■ **Work required**:
Everything in the records below goes into the copy exactly, except the pictures.

--

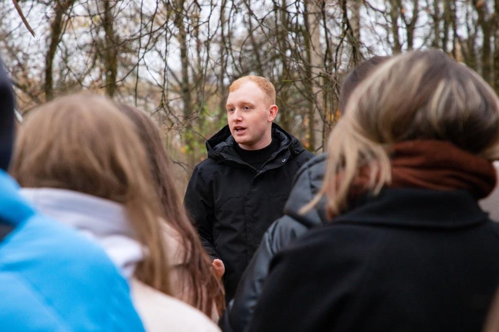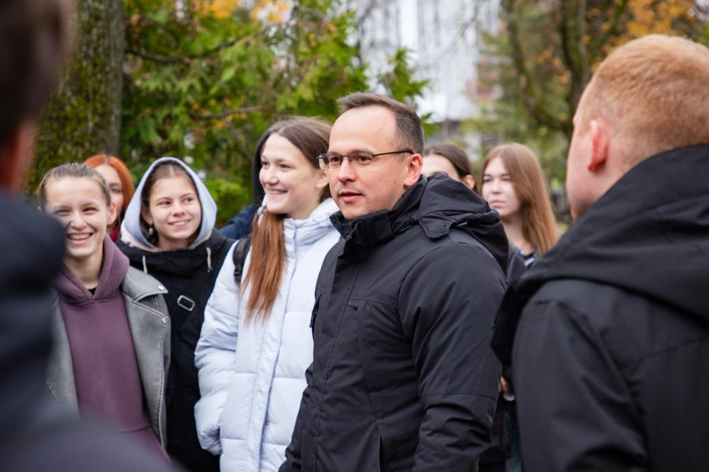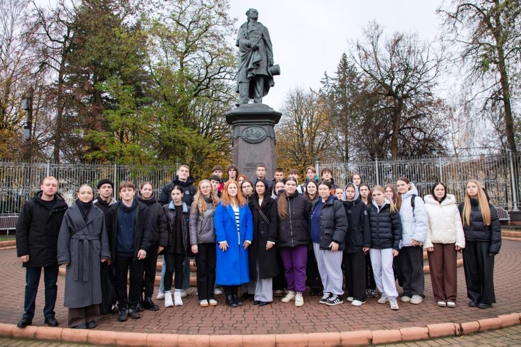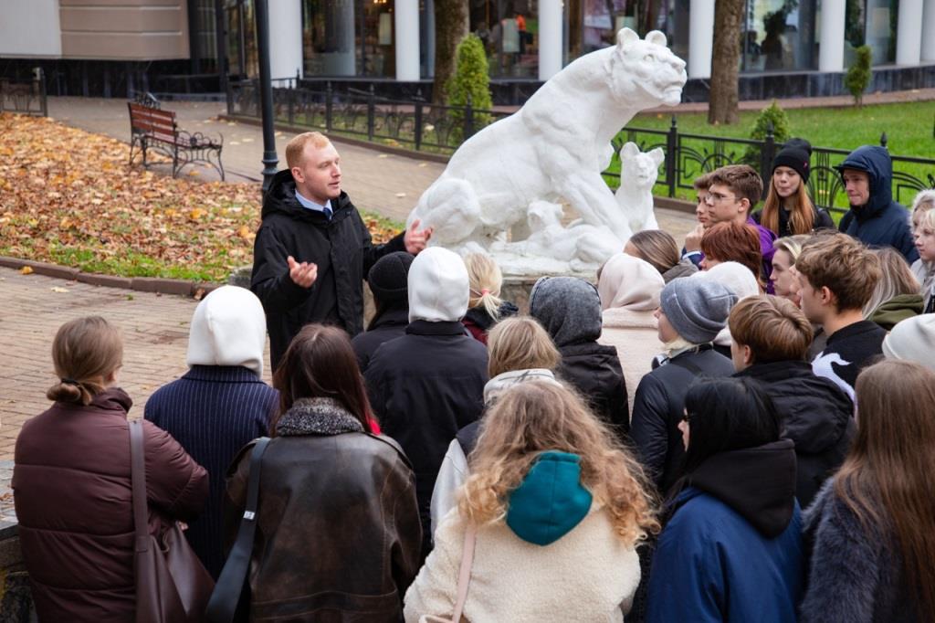 Финальным маршрутом для пешеходной экскурсии вновь стал путь от Площади Ленина к Набережной. Минуя площадь Ленина, студенты подошли к памятнику нашего земляка — поэта Ф.И. Тютчева, через парк свернули в главный городской сквер, в народе называемый «Круглый», где познакомились с историей таких памятников архитектуры XIX века, как Винный замок, бывшая женская гимназия, здание нынешней администрации Советского района г. Брянска. Спускаясь по лестнице на Набережную, студенты зашли в Сад Победы, заложенный в память о павших в годы Великой Отечественной войны. Возле здания Брянской областной филармонии Алексей Мачулин познакомил первокурсников с историей Новопокровского собора, на месте которого теперь располагается сквер, рассказал о памятнике братьям-просветителям Кириллу и Мефодию.
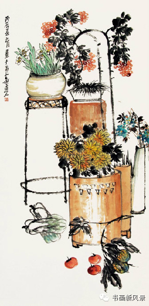 吴昌硕创造性地将书法、篆刻的行笔、运刀及章法、体势融入绘画,形成了独步画坛的“金石画风”。
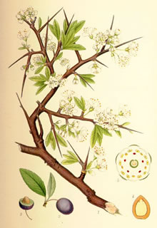 Bi't Drögen vun de Blöden geiht de Ruuch meist verloren. All Telgen endt mit en spitzig Doorn. ![]() Bekannt sünd de swatt-blagen, suurn Steenfrüchte, de Schlehen.
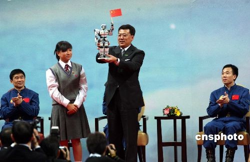 圖為澳門學子向“神舟七號”載人航天飛行代表團贈送航天機器人。中新社發(fā) 武仲林 攝
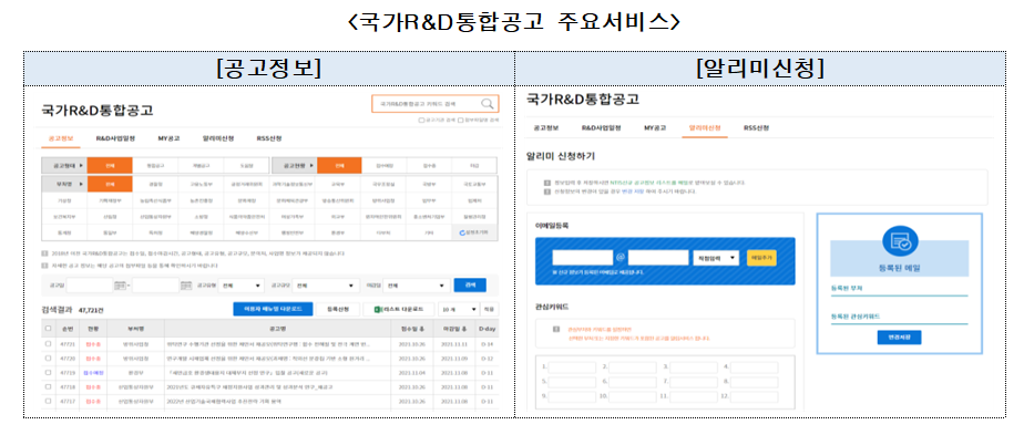 ․ 특히 「알리미신청」메뉴를 통해, 이메일 및 관심키워드 등 정보입력 후 저장하면 NTIS 신규 공고정보 리스트를 이메일로 받아 볼 수 있음(로그인 시 이용가능)
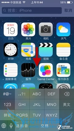 最后一项常用的操作功能是搜索功能的手势。以往在iOS6系统中,在主界面中向左滑动是可以进入单独的搜索界面。不过现在我们需要在主界面屏幕中间的位置向下滑动界面呼出Spotlight搜索栏,算是一个手势的改进吧。
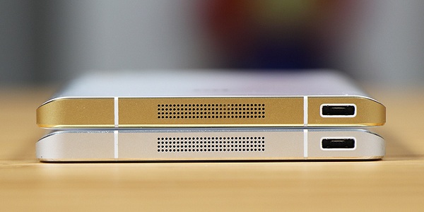 小米Note顶配版和普通版最大的区别还是中框,顶配版采用土豪金金属边框,相比白色或者黑色普通版,颜色反差明显。下图为小米Note顶配版和白色普通版侧面外观对比。

--

■ **Finished exercise**:
 Финальным маршрутом для пешеходной экскурсии вновь стал путь от Площади Ленина к Набережной. Минуя площадь Ленина, студенты подошли к памятнику нашего земляка — поэта Ф.И. Тютчева, через парк свернули в главный городской сквер, в народе называемый «Круглый», где познакомились с историей таких памятников архитектуры XIX века, как Винный замок, бывшая женская гимназия, здание нынешней администрации Советского района г. Брянска. Спускаясь по лестнице на Набережную, студенты зашли в Сад Победы, заложенный в память о павших в годы Великой Отечественной войны. Возле здания Брянской областной филармонии Алексей Мачулин познакомил первокурсников с историей Новопокровского собора, на месте которого теперь располагается сквер, рассказал о памятнике братьям-просветителям Кириллу и Мефодию.
 吴昌硕创造性地将书法、篆刻的行笔、运刀及章法、体势融入绘画,形成了独步画坛的“金石画风”。
 Bi't Drögen vun de Blöden geiht de Ruuch meist verloren. All Telgen endt mit en spitzig Doorn. ![]() Bekannt sünd de swatt-blagen, suurn Steenfrüchte, de Schlehen.
 圖為澳門學子向“神舟七號”載人航天飛行代表團贈送航天機器人。中新社發(fā) 武仲林 攝
 ․ 특히 「알리미신청」메뉴를 통해, 이메일 및 관심키워드 등 정보입력 후 저장하면 NTIS 신규 공고정보 리스트를 이메일로 받아 볼 수 있음(로그인 시 이용가능)
 最后一项常用的操作功能是搜索功能的手势。以往在iOS6系统中,在主界面中向左滑动是可以进入单独的搜索界面。不过现在我们需要在主界面屏幕中间的位置向下滑动界面呼出Spotlight搜索栏,算是一个手势的改进吧。
 小米Note顶配版和普通版最大的区别还是中框,顶配版采用土豪金金属边框,相比白色或者黑色普通版,颜色反差明显。下图为小米Note顶配版和白色普通版侧面外观对比。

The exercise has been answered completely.